# Moving to New Zealand - Auckland



## u47mc2

Im a 27 Year old male who is fed up of the uk and wishes to move to Nz, I am moving to Auckland this year, however i think im going tot fly out for a months holiday and see a few more places before i decide. Basically i want a place that has a good nightlife :clap2: and nice enough to chill out for my time off work.
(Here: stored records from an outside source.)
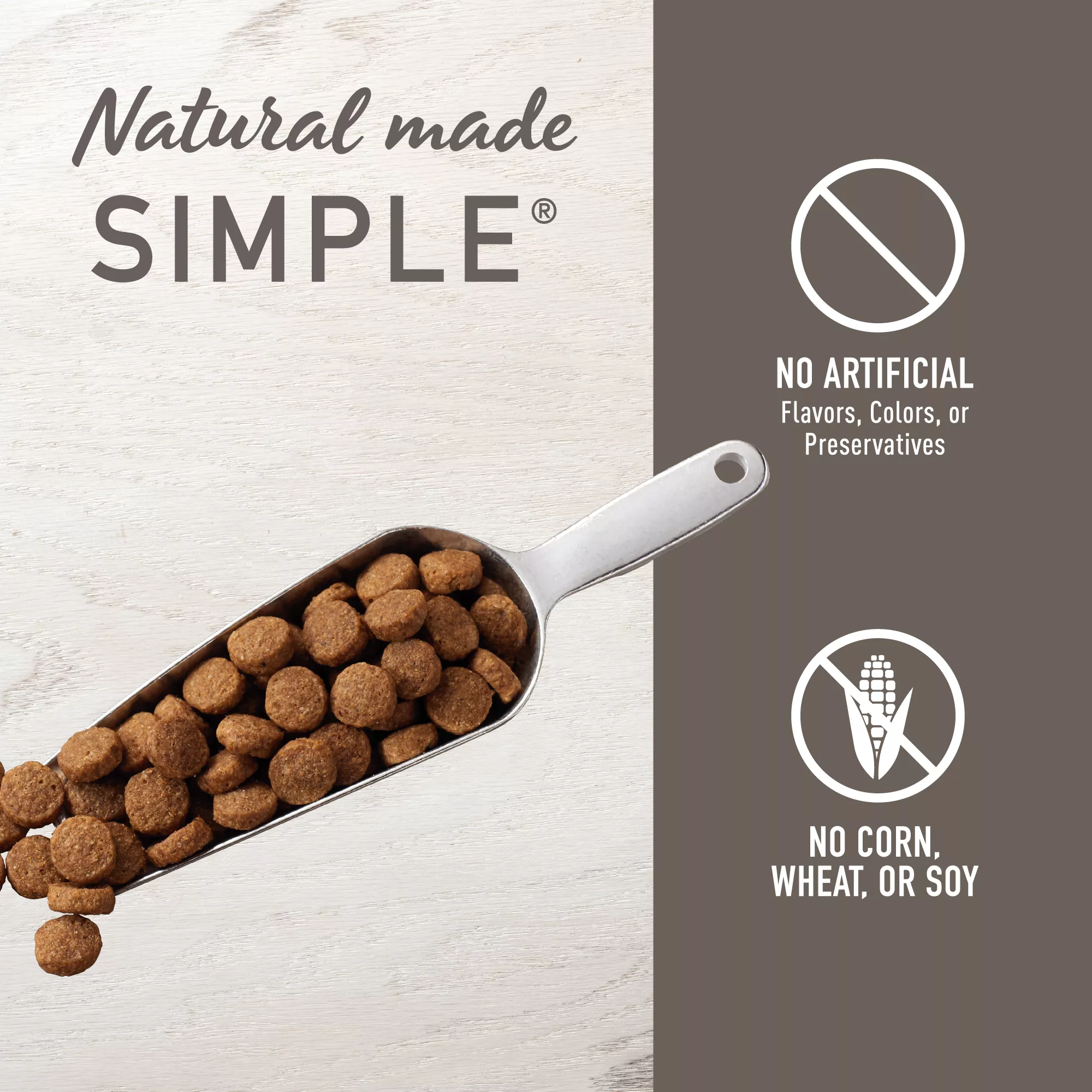 Free of artificial colors, flavors or preservatives
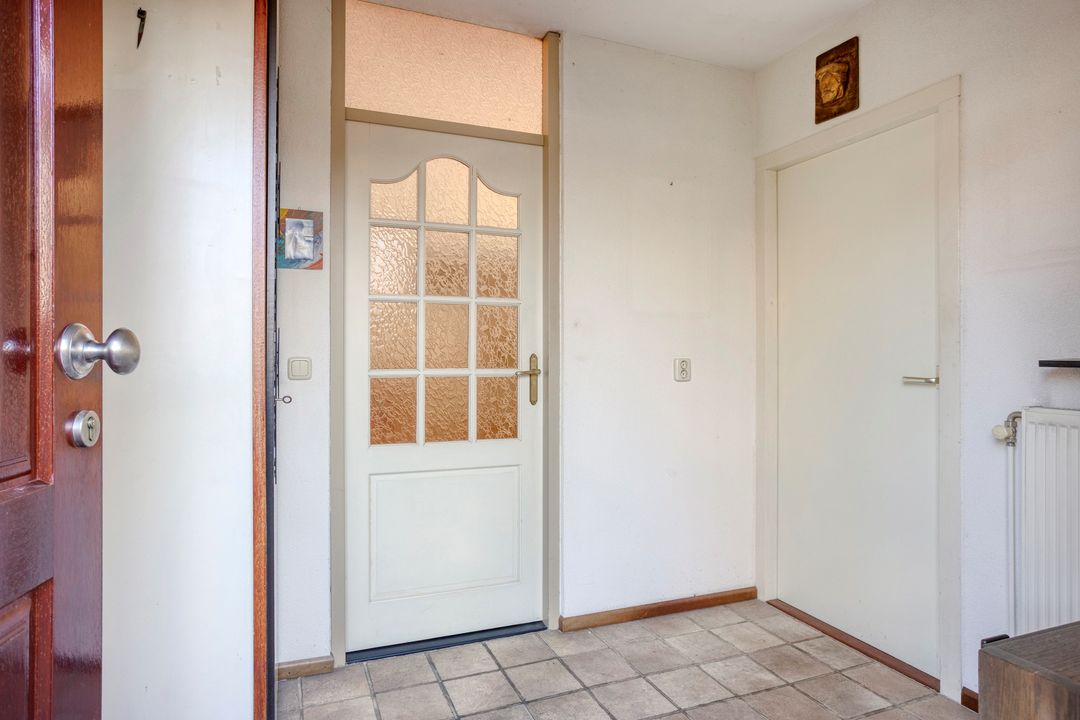 * Entree in de hal met meterkast (6-groepen met aardlekschakelaar) en toegang tot de inpandige berging.
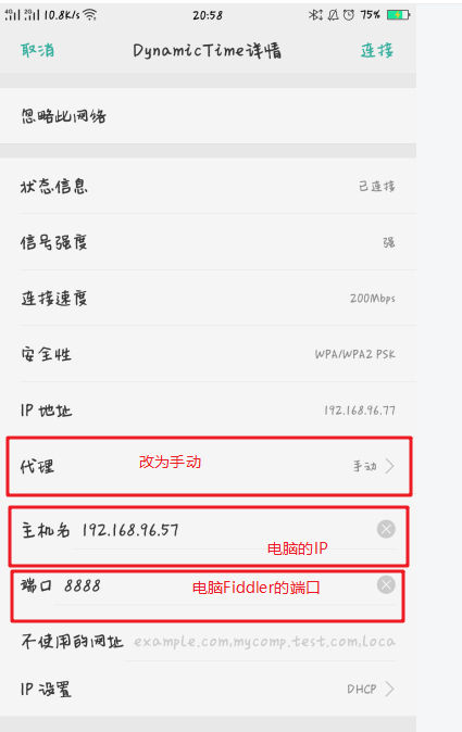 再者要知道fiddler的端口号,Tools-> Options->Connections,port中值就是端口号,一般默认为8888;接下来开始操作手机;
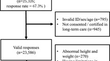 The data were obtained from a population-based online questionnaire survey, the Japan COVID-19 and Society Internet Survey (JACSIS 2023). Participant recruitment was conducted through Rakuten Insight, a commercial research agency with a panel comprising approximately 2.2 million individuals from the Japanese population. Participant selection was stratified by sex, age, and geographic region. The initial target sample size was set at 28,000 participants; however, a total of 33,000 individuals participated in JACSIS 2023, with 29,268 providing eligible responses. The comprehensive data collection included measures of socioeconomic indicators, occupational factors, health-related measures, physical and mental health, quality of life, smoking habits, alcohol use, lifestyle behaviors, and other health-related behaviors26. Participants younger than 20 years old were excluded from the current analysis, resulting in a final sample size of 27,149 individuals. Supplemental File Table 3 shows the distribution of the participants per prefectures in Japan. All methods were carried out in accordance with relevant guidelines and regulations.
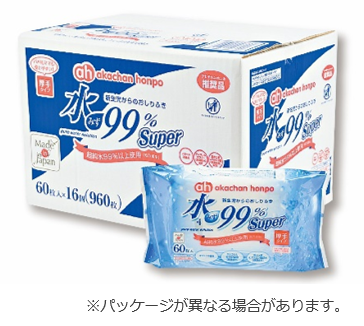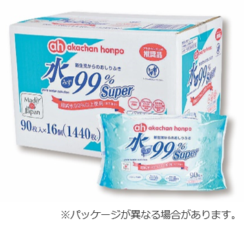 アカチャンホンポのロングセラー商品「水99%Superシリーズ」。
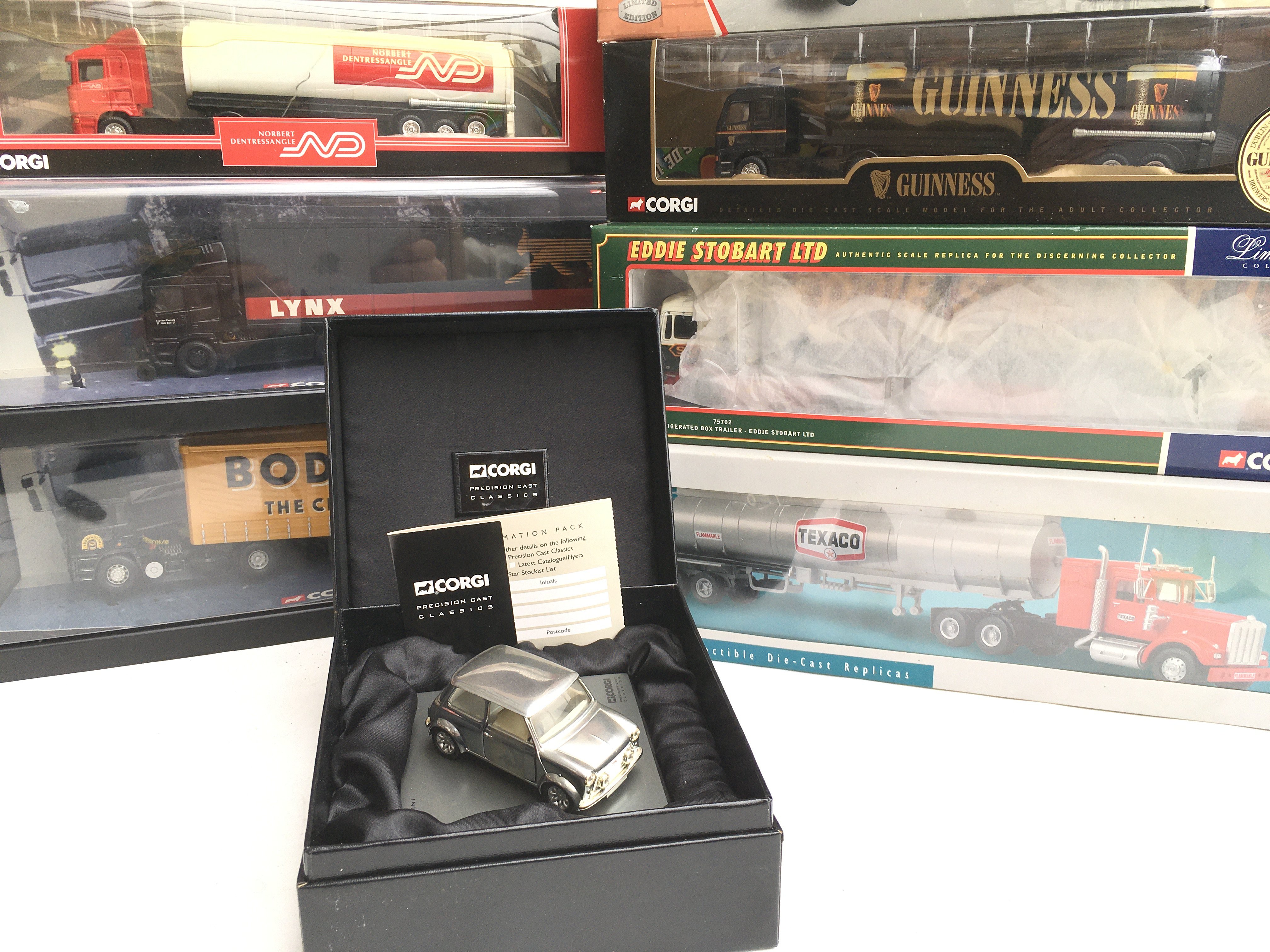 A Collection of Corgi Modern Trucks and a Precision Cast Mini in Display Box. No Reserve.

Also id like to be close to a good gym:boxing:. Apart from that i dont really mind. i guess surfing would be my last ideal.

Im not interested in Working as i work offshore, so just a nice base to party and entertain if my friends from the uk come over. 

Any thoughts will be much appreciate.


----------



## topcat83

u47mc2 said:


> Im a 27 Year old male who is fed up of the uk and wishes to move to Nz, I am moving to Auckland this year, however i think im going tot fly out for a months holiday and see a few more places before i decide. Basically i want a place that has a good nightlife :clap2: and nice enough to chill out for my time off work. Also id like to be close to a good gym:boxing:. Apart from that i dont really mind. i guess surfing would be my last ideal.
> 
> Im not interested in Working as i work offshore, so just a nice base to party and entertain if my friends from the uk come over.
> 
> Any thoughts will be much appreciate.


Can I suggest you look at Sydney in Australia? Although Auckland does have a night life, I think Sydney has more.


----------



## u47mc2

topcat83 said:


> Can I suggest you look at Sydney in Australia? Although Auckland does have a night life, I think Sydney has more.


Yeah ive been to sydney and travelled the east coast, just felt it was a bit expensive, i did however like cairns, apart from the humidity.


----------



## u47mc2

Im thinking more towards a high rise flat in the city, mainly because of the low maintenance, although i do really like the look of the cross fit gym near the motor way on Albany North Shore. will this be a nightmare to commute to say 3-4 times a week from inside the CBD?


----------



## Weebie

Basically if nightlife is important then everything onwards from the UK is going to be a dissapointment lol as the Uk has th best nightlife in the world.

Auckland is nice though. It will be a lot more expensive than you think though.


----------



## u47mc2

Weebie said:


> Basically if nightlife is important then everything onwards from the UK is going to be a dissapointment lol as the Uk has th best nightlife in the world.
> 
> Auckland is nice though. It will be a lot more expensive than you think though.


lol :heh: i think the uk has some good clubs but the bar scene is not as good as other places ive been too, thanks for the advice though, i have heard alot of people telling me its more expensive than you think, so im goin to stay with a friend and see how it goes. can only but try.


----------



## atalia

We are coming to Auckland in September. Can we come to your parties!!!!


----------



## u47mc2

atalia said:


> We are coming to Auckland in September. Can we come to your parties!!!!


Yeah no problem they more the better i guess!!! :clap2::clap2::clap2:


----------